Based on the above, how to realize the credit evaluation of small micro enterprises facing the enterprise family is a technical problem to be solved.
Disclosure of Invention
Aiming at the defects, the technical task of the invention is to provide a method and a system for constructing a small micro-enterprise credit evaluation model oriented to enterprise families, so as to solve the problem of how to realize the small micro-enterprise credit evaluation oriented to the enterprise families.
In a first aspect, the present invention provides a method for constructing a small micro-enterprise credit assessment model facing to an enterprise family, including the following steps:
acquiring sample data, wherein the sample data comprises a plurality of characteristic indexes and a plurality of credit data, the plurality of characteristic indexes are credit assessment attributes extracted based on the portrait characteristics of the small enterprise, and the plurality of credit data are from a sum credit and an internet platform of an operator;
dividing the sample data into a training set and an evaluation set;
constructing an evaluation model by a random forest method, wherein the evaluation model consists of a business owner credit evaluation sub-model and an enterprise behavior credit evaluation sub-model, and sets an influence weight, and takes the weighted sum of the business owner credit evaluation sub-model and the enterprise behavior credit evaluation sub-model credit as evaluation output of the evaluation model;
training the evaluation model by using a training set as input through a ten-fold cross-validation algorithm and a parameter grid optimization algorithm, and restraining the ten-fold cross-validation algorithm and the parameter grid optimization algorithm by adopting a regularization method;
and taking the evaluation set as input, and performing parameter fine adjustment on the initial evaluation model by a grid search method to obtain a final evaluation model.
In the above embodiment, the sample data includes two parts, one part is a feature index, the feature index is a credit assessment attribute extracted from the portrait feature of the small micro enterprise, the other part is credit data, the credit data is derived from the operator and is used as a credit sample of the small micro enterprise owner, and the internet data such as the credit data of the enterprise searching platform is used as a credit sample of the first sub-model; training and optimizing the two constructed sub-models through the sample data to obtain a final evaluation model, wherein the credit evaluation output by the evaluation model is the weighted sum of the two sub-models. The main credit and the behavior credit of the small micro-enterprises can be evaluated through the evaluation model.

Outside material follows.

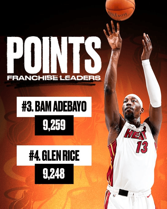 赛后,热火官方晒出海报,庆祝阿德巴约升至队史得分榜第三位。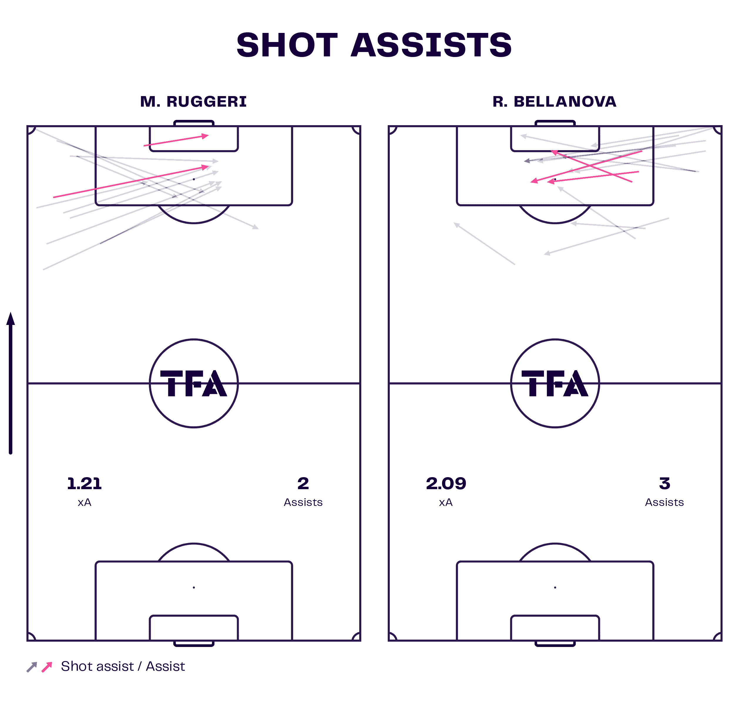 So far this season, Ruggeri has generated 1.21 xA and made two actual assists, while Bellanova has created 2.09 xA and made three assists.

Preferably, the sample data is preprocessed before being divided into a training set and an evaluation set;
the pretreatment comprises the following steps:
filling NULL values of sample data, wherein a filling index is the average value of the sample data;
performing outlier processing on the sample data, and deleting the sample data which are different from a threshold value, wherein the threshold value is determined through an index slope map;
and carrying out normalization processing on the sample data based on an index value standardization formula so as to limit the sample data in the same interval, wherein the index value standardization formula is as follows:
wherein x represents an index value before normalization processing,indicating normalized index value, x min Representing the minimum value, x, in the current index value max Representing the maximum value of the current index values.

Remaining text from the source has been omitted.